◆ Action item: In the records below, repeat exactly the lines between the line holding "Из поколения в" and the line holding "Noa 8 Prateleiras", inclusive, and drop the pictures.

◆ Material for this exercise:

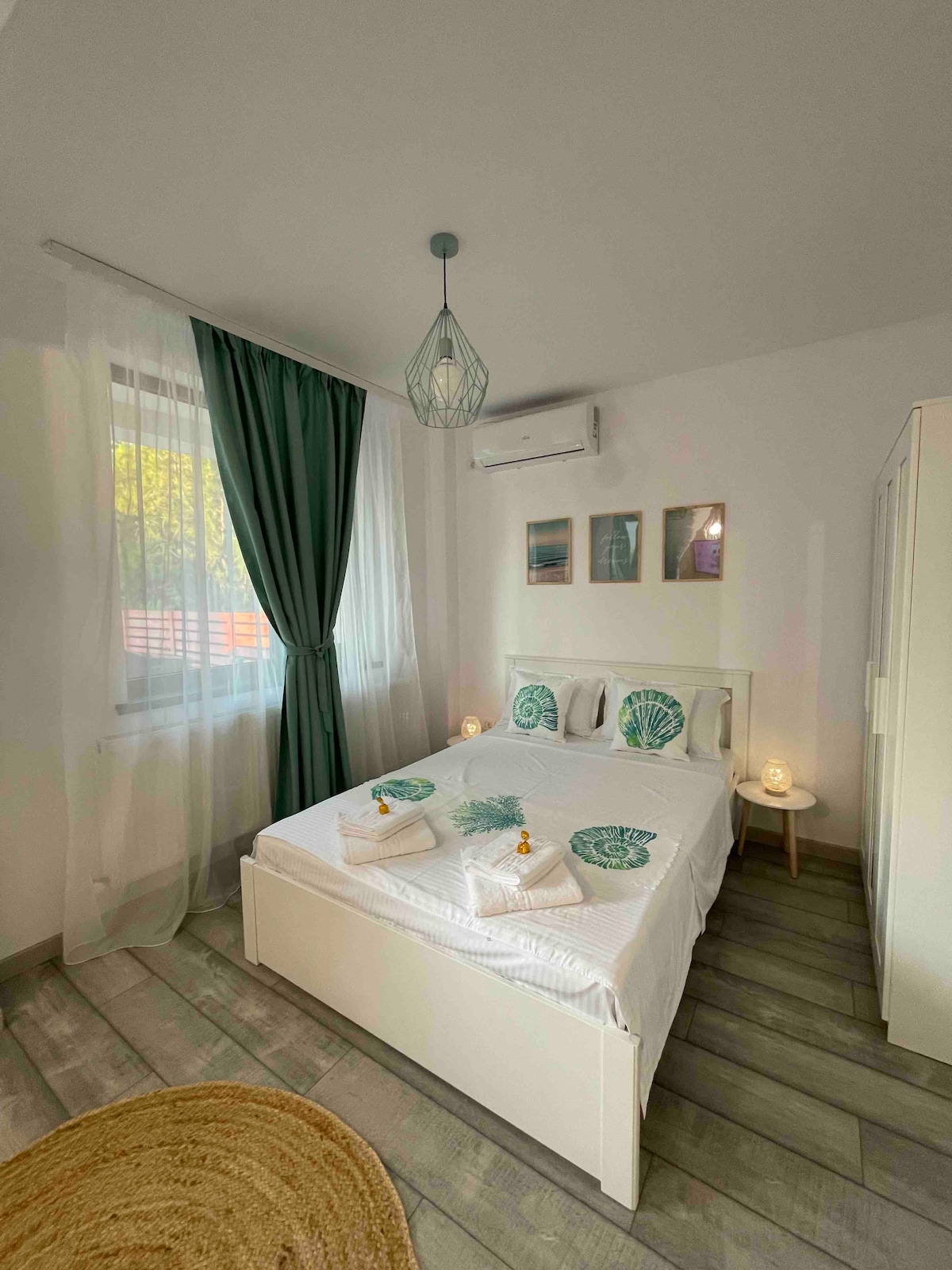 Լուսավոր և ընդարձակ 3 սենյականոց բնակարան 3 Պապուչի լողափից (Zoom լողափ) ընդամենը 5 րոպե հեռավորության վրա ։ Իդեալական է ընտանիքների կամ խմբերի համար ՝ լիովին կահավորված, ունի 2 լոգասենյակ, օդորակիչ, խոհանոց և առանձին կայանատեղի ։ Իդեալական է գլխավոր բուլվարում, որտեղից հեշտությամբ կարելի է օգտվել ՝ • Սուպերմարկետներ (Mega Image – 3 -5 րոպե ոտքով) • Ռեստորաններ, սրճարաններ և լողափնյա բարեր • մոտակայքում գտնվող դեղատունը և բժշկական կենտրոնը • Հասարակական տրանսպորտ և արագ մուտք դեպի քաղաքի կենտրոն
---
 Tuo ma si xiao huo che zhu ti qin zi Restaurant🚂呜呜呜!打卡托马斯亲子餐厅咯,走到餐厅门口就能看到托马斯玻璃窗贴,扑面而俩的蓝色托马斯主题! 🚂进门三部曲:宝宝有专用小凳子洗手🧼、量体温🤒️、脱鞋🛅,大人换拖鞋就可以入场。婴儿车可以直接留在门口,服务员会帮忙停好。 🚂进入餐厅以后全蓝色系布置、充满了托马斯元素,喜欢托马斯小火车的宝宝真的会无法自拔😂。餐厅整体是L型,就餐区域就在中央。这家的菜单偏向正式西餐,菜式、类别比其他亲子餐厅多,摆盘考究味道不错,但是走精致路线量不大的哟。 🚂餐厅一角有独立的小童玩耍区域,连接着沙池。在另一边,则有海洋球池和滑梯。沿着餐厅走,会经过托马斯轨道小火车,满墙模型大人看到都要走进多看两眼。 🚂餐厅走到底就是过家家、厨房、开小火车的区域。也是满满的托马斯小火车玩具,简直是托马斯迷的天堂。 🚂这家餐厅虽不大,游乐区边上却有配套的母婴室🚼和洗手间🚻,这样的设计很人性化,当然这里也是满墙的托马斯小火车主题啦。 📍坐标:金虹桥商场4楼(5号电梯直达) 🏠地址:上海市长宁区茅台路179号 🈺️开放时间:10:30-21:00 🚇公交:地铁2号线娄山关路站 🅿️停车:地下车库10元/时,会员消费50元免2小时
...
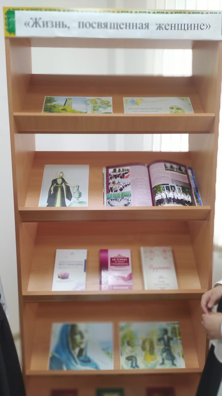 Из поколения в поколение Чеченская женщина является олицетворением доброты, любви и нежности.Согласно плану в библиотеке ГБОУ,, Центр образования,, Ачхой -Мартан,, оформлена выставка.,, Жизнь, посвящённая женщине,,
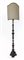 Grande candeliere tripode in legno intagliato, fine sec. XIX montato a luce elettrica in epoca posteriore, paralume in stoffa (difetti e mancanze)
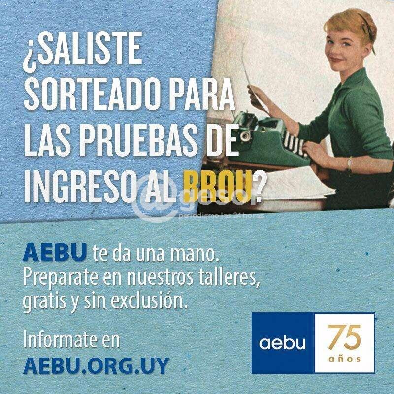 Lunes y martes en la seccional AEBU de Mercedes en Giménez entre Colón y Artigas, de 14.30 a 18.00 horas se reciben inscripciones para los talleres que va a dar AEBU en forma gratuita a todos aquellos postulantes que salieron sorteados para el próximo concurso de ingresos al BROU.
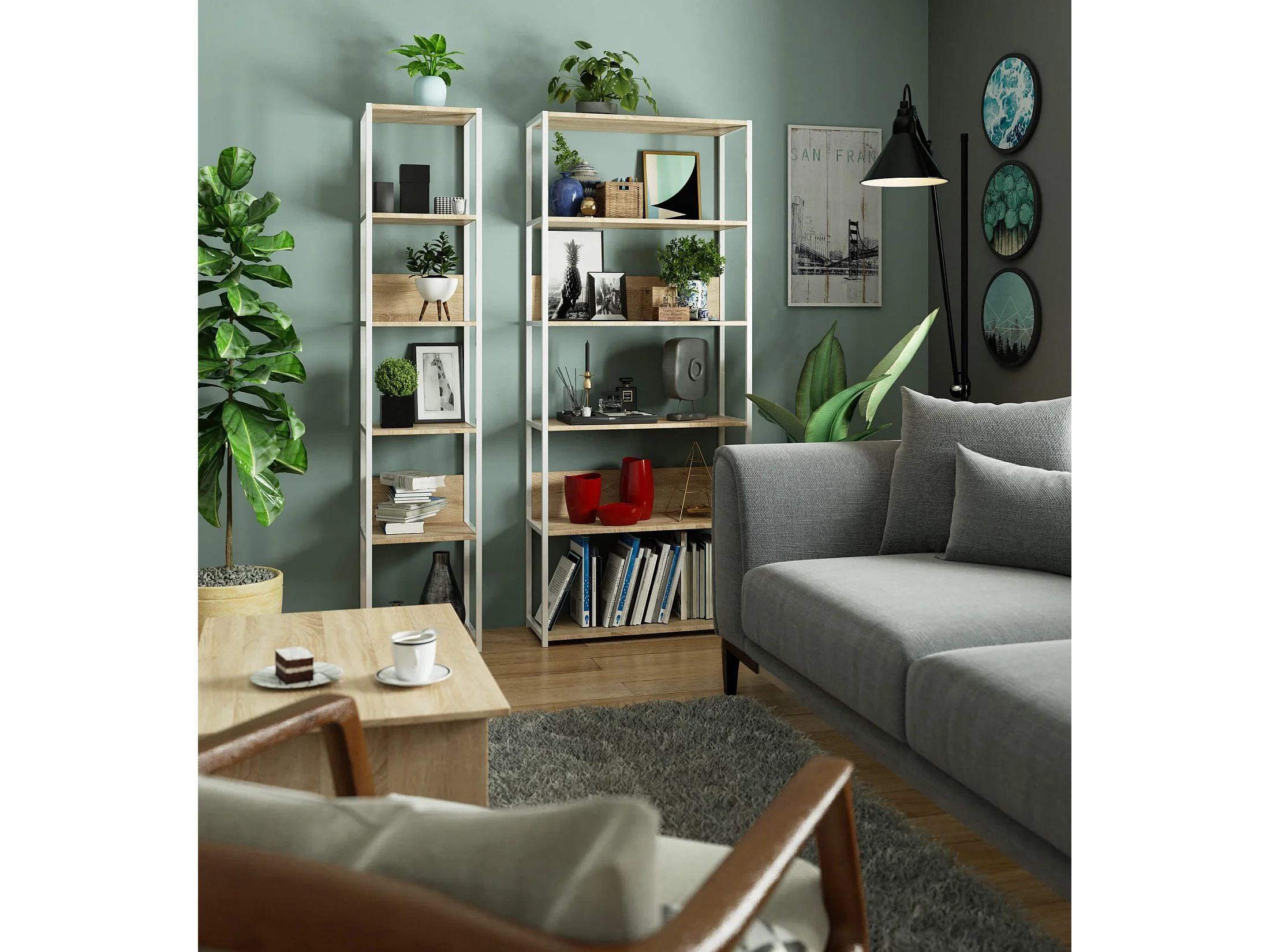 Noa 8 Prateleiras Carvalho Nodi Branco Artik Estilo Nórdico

◆ Result for this task:
 Из поколения в поколение Чеченская женщина является олицетворением доброты, любви и нежности.Согласно плану в библиотеке ГБОУ,, Центр образования,, Ачхой -Мартан,, оформлена выставка.,, Жизнь, посвящённая женщине,,
 Grande candeliere tripode in legno intagliato, fine sec. XIX montato a luce elettrica in epoca posteriore, paralume in stoffa (difetti e mancanze)
 Lunes y martes en la seccional AEBU de Mercedes en Giménez entre Colón y Artigas, de 14.30 a 18.00 horas se reciben inscripciones para los talleres que va a dar AEBU en forma gratuita a todos aquellos postulantes que salieron sorteados para el próximo concurso de ingresos al BROU.
 Noa 8 Prateleiras Carvalho Nodi Branco Artik Estilo Nórdico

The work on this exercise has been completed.